2.2.  Máxime cuando, como en el caso concreto, el fin que persigue  la demandante, tampoco se logra extraer  del  desarrollo de los reparos propuestos que, valga destacar, no  acreditan la supuesta violación directa de la ley sustancial  que invoca;  falencia que por sí sola es suficiente  para inadmitir el libelo, según lo tiene decantado la  jurisprudencia de la Sala1.  

3.  Además, la carencia de interés para recurrir, sumados a  los defectos de lógica y debida fundamentación en el  desarrollo de las censuras formuladas por la recurrente, también  conllevan al rechazo de la demanda.  

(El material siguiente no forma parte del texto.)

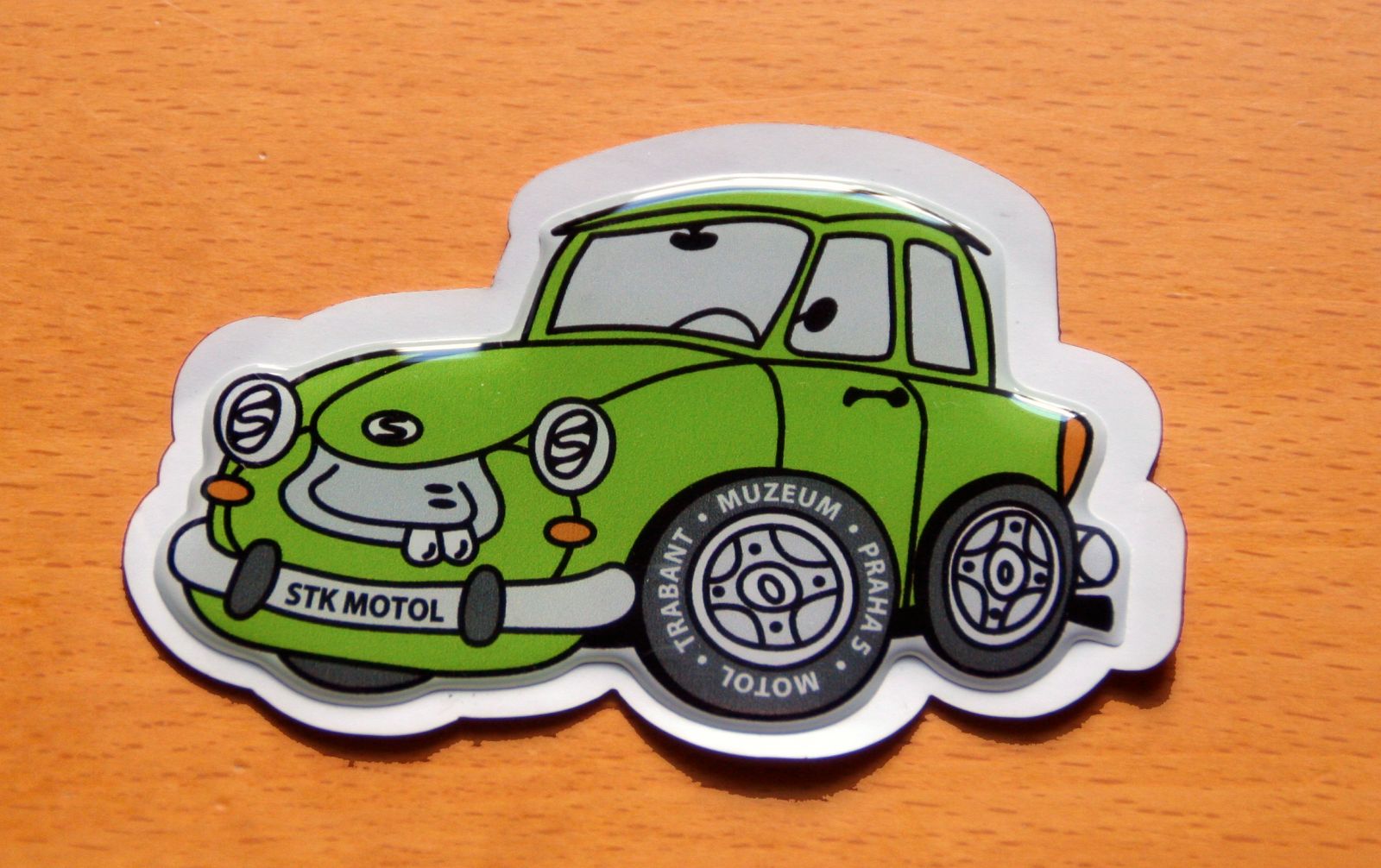 3D samolepky - zalité do pryskyřice,  pro Trabant Muzeum Motol

4.  Tiene dicho la jurisprudencia de la Corte2  que en los eventos donde el fallo impugnado es producto de la  celebración de uno de los mecanismos de terminación  anticipada del proceso, por vía de principio, los recursos no  pueden versar sobre el mérito de las pruebas que apuntan hacia  la responsabilidad previamente admitida, sino sobre las consecuencias  punitivas de la conducta, su ejecución, o respecto de la  violación de garantías fundamentales.  

4.1.  De esta manera, el interés jurídico para formular los  recursos ordinarios o el extraordinario de casación, se  encuentra restringido por el principio de irretractabilidad, de  suerte que una vez constatada la legalidad del allanamiento, la  defensa no puede impugnar los  aspectos de tipicidad y responsabilidad penal aceptada  en el marco del preacuerdo.  

4.2.  El inciso cuarto del artículo 351 de la Ley 906 de 2004  estableció que «los  preacuerdos celebrados entre fiscalía y acusado obligan al  juez de conocimiento, salvo que ellos desconozcan o quebranten las  garantías fundamentales».  Dicha afectación debe fundarse en hechos puntuales que  demuestren violaciones objetivas y palpables y no en simples  opiniones de parte que encubran la intención de retractarse de  lo pactado.  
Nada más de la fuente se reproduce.